JB, are you okay?
Just got out of purgatory...onto the next one. Oh lawd. Pray for faith. Thanks in advance. :Rose::Rose:
Shimmie thank you so much for taking the time to pray! I'm praying I have a better week this week.
Asking for prayers for my son. He's been incessantly bullied and find out today the boys have hit him too.....he said something inappropriate in anger and here we are at the hospital so he can be evaluated and allowed back at school.
I'm at my breaking point....just need God to come through for us. Thank you all.
These past few weeks have been such an emotional roller coaster for me...one moment I'm up, the next moment I'm down. I'm asking that you ladies pray for me. My heart is heavy and I can't seem to shake this feeling of loneliness and anxiety.
I ask that you ladies pray for me as well as my family. A family problem that has been a secret since I was child has been made public and it's affecting my sibling and myself. I find that I am isolating myself to keep me from talking about it. My ultamate fear that she (the family member most effected) will go back to an unhealthy situation because she has no other choice.
I myself have had a lot going on in my life. I find myself to be constantly stressed out and sometimes depressed.
I removed myself from an abusive (emotionally/ psychological) relationship earlier this year, but I'm still dealing with soul ties...not only from my previous relationship, but others that I put myself into. I realize that I have no one to blame but myself because I chose to be with these men in my past. I've tried to pray them away, but I'm still haunted with thoughts an dreams that I awaken from with distress.
I feel like I'm always "going through something" and although I put on a brave front and seem strong through it all,
frankly...I'm tired.
Please keep my new little cousin Joel in your prayers. Doctors had to take him at 24 weeks since his mom was in distress. He was born at 460 grams, about 1 lb. He is doing well so far, albeit tiny.
My mother's health has been deteriorating for a decade now...I am unable to focus at work or sleep because of it. Me and my sisters are constantly fighting over how we should proceed, we can't seem to agree. Pray for our family please.
My mother's health has been deteriorating for a decade now...I am unable to focus at work or sleep because of it. Me and my sisters are constantly fighting over how we should proceed, we can't seem to agree. Pray for our family please.

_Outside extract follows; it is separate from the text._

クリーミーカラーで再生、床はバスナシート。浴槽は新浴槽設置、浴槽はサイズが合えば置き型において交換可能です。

Please pray that I do not give in to temptation!
Please keep my new little cousin Joel in your prayers. Doctors had to take him at 24 weeks since his mom was in distress. He was born at 460 grams, about 1 lb. He is doing well so far, albeit tiny.

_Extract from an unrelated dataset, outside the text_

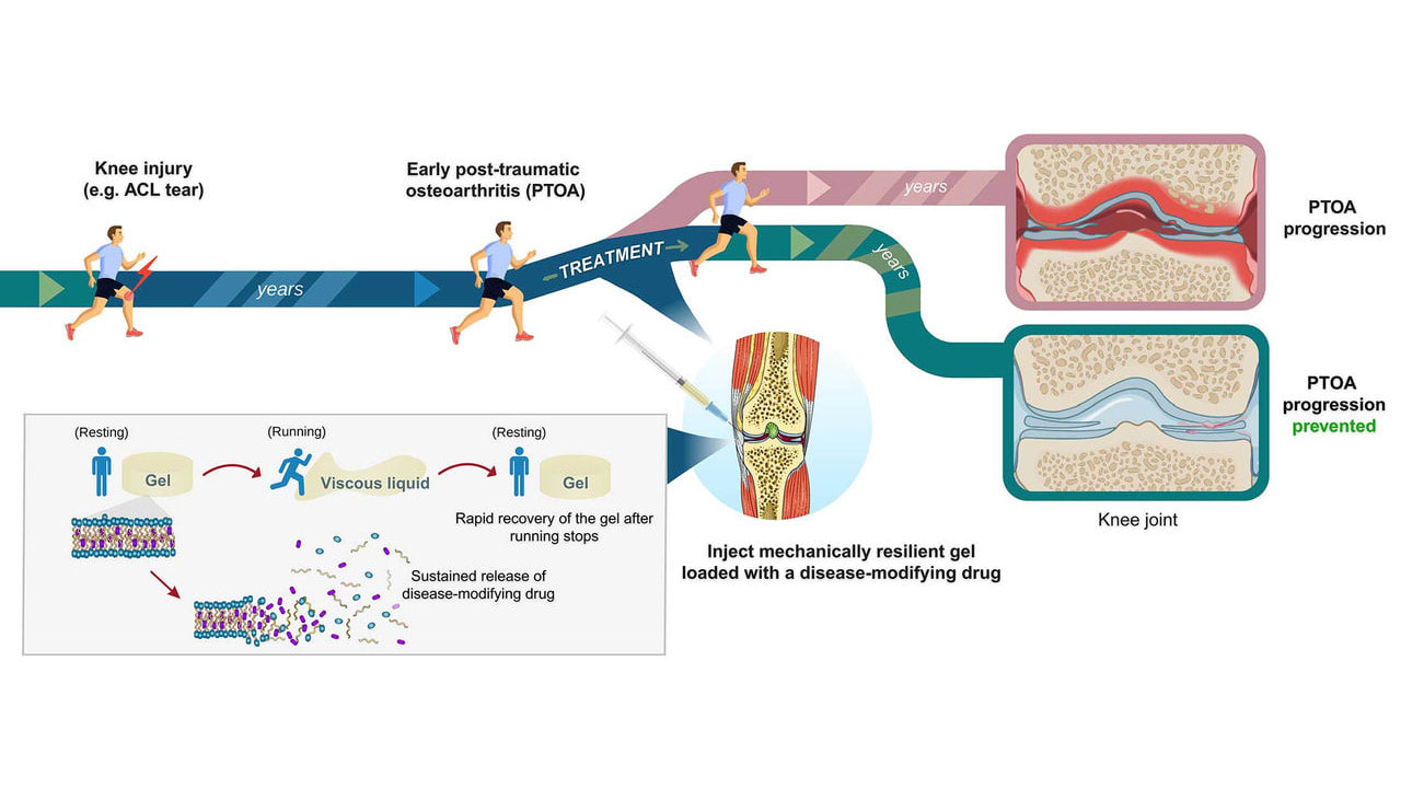 Researchers have created a new hydrogel to improve drug delivery for treating post-traumatic osteoarthritis (PTOA). The hydrogel, which is designed to offer sustained drug release even during continuous joint movement, showed promising results in preclinical studies that mimicked the joint stress of running, highlighting the hydrogel’s potential for treating PTOA in physically active patients.

Joel is an angel now. The blood transfusion wasn't successful and he passed away this morning.
I'm trying to transition from my current career in the television production business to teaching.
I just had my final interview with Teach for America today and I should know if I've been accepted or not on December 15th.
I'm praying that God will open this down for me and allow me to pursue what I believe is my true calling.
I'm also hoping that they place me in Atlanta as I'm already settled here and I really don't want to have to move.
Hi ladies, everything has been going well so far but I need a little PUSH (pray until something happens). Could you please pray that the Holy Spirit continues to be a powerful force in my life and be the powerful driving force in some movements that I would like to make.